This is the 147th entry in two and a half years, involving 177,000 words, and 500 or so pictures.  I have two different counters recording visitors which at the end of the year suggest an average of 120 a day.  I am recognizing quite a few of them -- of you -- now.  When there is a new post, the first readers to show up are usually a gracious woman in Texas or a correspondent from South Africa, followed very soon by correspondents in London and Athens. A few show up, briefly, almost every day.  Most visitors come briefly and never reappear.  Reasonably.  There are at least 112,000,000 blogs tangling the interwebs.

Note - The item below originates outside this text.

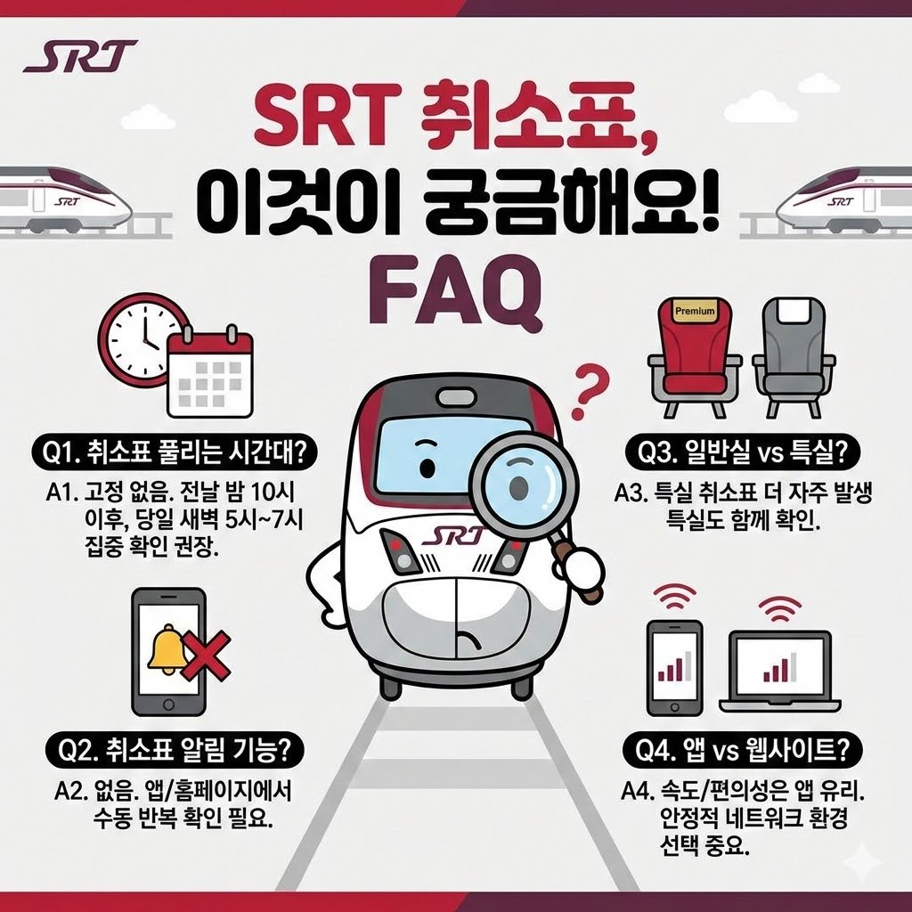 A2. 현재 SRT에는 취소표 자동 알림 기능이 제공되지 않습니다. 따라서 직접 앱이나 홈페이지에서 수동으로 반복 확인하셔야 합니다.

Ever since it was posted, The Lion in the Cloister has been the most-read entry. Readers in the Philippines -- with a single exception -- seem to read only Nick the Greek posted more than a year ago, and the picture of Magellan's ship has been downloaded more than any other this year. Otherwise, the most popular picture is of Byzantine trumpeters, and then one of the Magi -- the tracker counts the last 500 downloads.  A higher percentage of readers in Arabic-speaking countries than of readers in the West is interested in the post with a bare-breasted woman and links to other such.  Bosnians, Serbians, and Russians show a strong predilection for posts on the Palaiologues, and Albanians most often read entries mentioning stratioti.  The Villehardouin entries are most often read in France and Belgium.  I can tell when someone is planning a visit to Nauplion: the same IP address will show up through the thirty or so entries on aspects of Nauplion.  This summary is, of course, a simplification  of casual impressions. What puzzles me is when someone -- most recently from Slovakia on 21 December, is recorded as making 66 entries, over an hour and 15-plus minutes.  Something like this happens several times a week. I can only wonder: is there not something more enjoyable, more profitable, that someone could be doing in life?

The search terms that bring people here often seem unlikely: "Greek wemon," "forked beard after Exodus," "gold ark of the covenant Mycenae," "paintings of Apollo," "Pesaro caged cherubs" -- I am quite sure I have not used any of those phrases; "inside room" -- possibly the studioli in the entry on St. Jerome which has been the most read of all 148.  Whoever was looking for "Diana's Hats" or "Diana's Shoes" must have been disappointed, as were those who were looking for restaurants with various Greek and Albanian names.

This year, the largest percentage of non-American visitors have come from Greece, and a gratifying number of Greece-based blogs link to this one.  I am immensely pleased, and grateful, because Surprised by Time is in part the living out of a love affair with a city and country and culture.  Quite a few readers have written privately to ask questions -- a couple of these questions have forced new considerations in my own research, and several have sent me remarkable information, books, PDFs, and images I could not have found for myself -- thank you, Brigitte, Galo, Tim, Pavlos, Babis, Ersie, Voula, Tom, Keith, Nick.  The number of visitors in 2010 has doubled from 2009, with 15,889,  to the 32,333-plus for 2010, with more than 51,500 since I began in the summer of 2008. I have never been able to take the breadth of the internet for granted.  It is exciting to discover  readers in Kossovo, or Alexandria, Odense, Mumbai, Lamia, Jerusalem, Rawalpindi, Cape Town, Sarajevo, Tasmania, Costanta. Costanta is Ovid's Tomis.  I went around all day saying, "I have a reader in Tomis!"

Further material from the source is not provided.